Carrying capacity in ecology refers to the level of land or resource use both by humans and animals that can be sustained by the natural regenerative power of the environment. Sustainable development is economic activity or growth with due consideration given to carrying capacity and which does not reduce or deplete the resources available to future generations. Current growth and consumption patterns are placing increasing stress on ecosystems ignoring the carrying capacity. Environmental degradation, biodiversity loss, deforestation indicate that ecosystems are stressed and the carrying capacity is being compromised. Human population is above the long-term carrying capacity and is maintained by the exploitation of fertile soils, fossil fuels, and ground water.

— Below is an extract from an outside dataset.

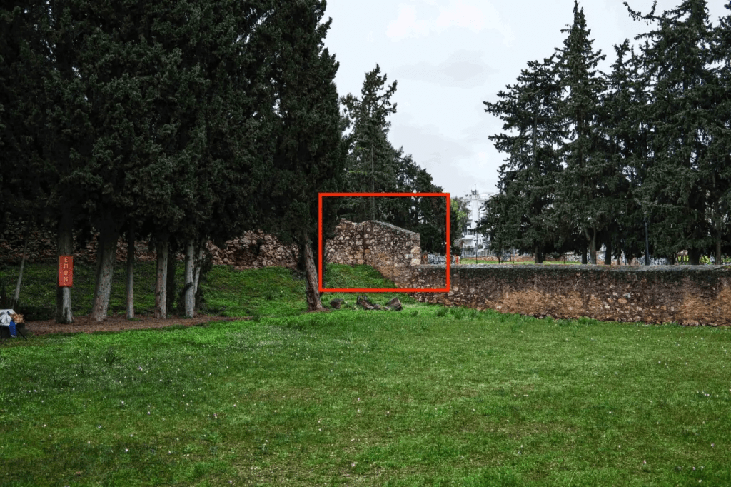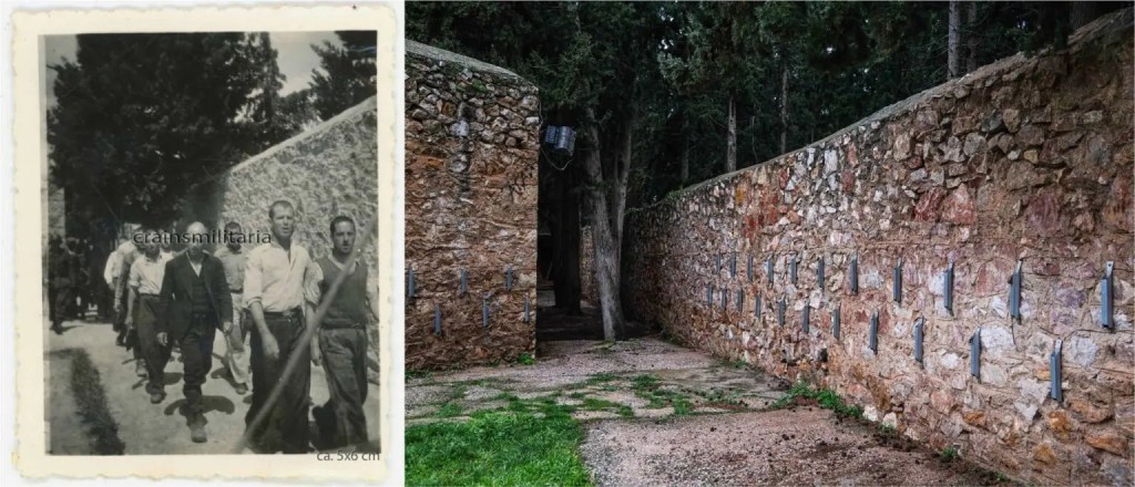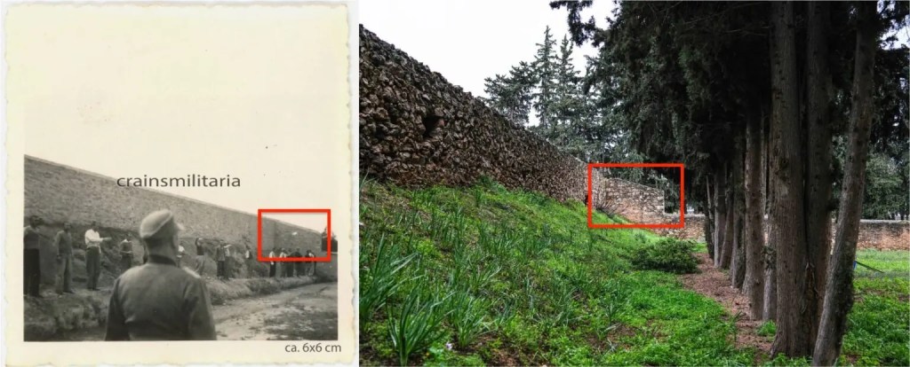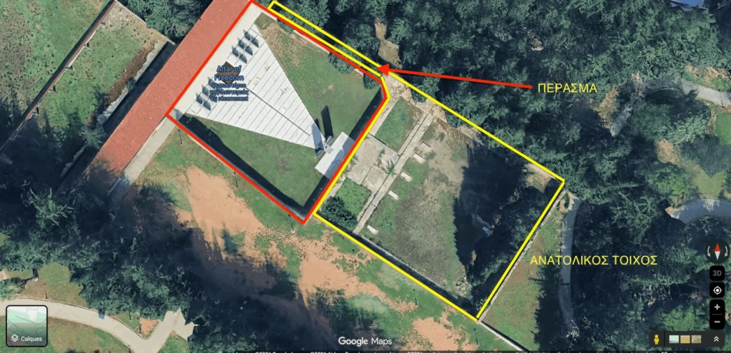 Η διάταξη του χώρου είναι ορατή στο Google Maps εδώ και επισημαίνεται στο παρακάτω στιγμιότυπο οθόνης (το δυτικό τμήμα είναι περικυκλωμένο με κόκκινο και το ανατολικό με κίτρινο). Ο τοίχος αποτυπώνεται στις φωτογραφίες είναι ο ανατολικός τοίχος, πίσω από τα κυπαρίσσια και το σημερινό μνημείο. Έτσι, η γωνία του ανατολικού τοίχου αντιστοιχεί ακριβώς σε εκείνη που διακρίνεται στις αρχειακές φωτογραφίες, η δε δεύτερη αρχειακή φωτογραφία έχει ληφθεί στην έξοδο του διαδρόμου που οδηγεί προς το δεύτερο τμήμα του χώρου, όπως δείχνει η σύγκριση των παρακάτω εικόνων::

According to the concept of carrying capacity a finite number of people can be supported without degrading the natural environment. The concept of carrying capacity of an ecosystem for natural populations is derived from the logistic growth curve in population ecology.
Carrying capacity definitions that focus solely on resource limitations alone may neglect wider functional factors. Humans, with the need to enhance their reproductive success as described in The Selfish Gene (Richard Dawkins), understand that food supply can vary and also that other factors in the environment can alter humans' need for food.
Aspects of a system's carrying capacity may involve available supplies of food, water, raw materials, and similar resources. Other factors that govern carrying capacity increasing levels of wastes, and eradication of essential components.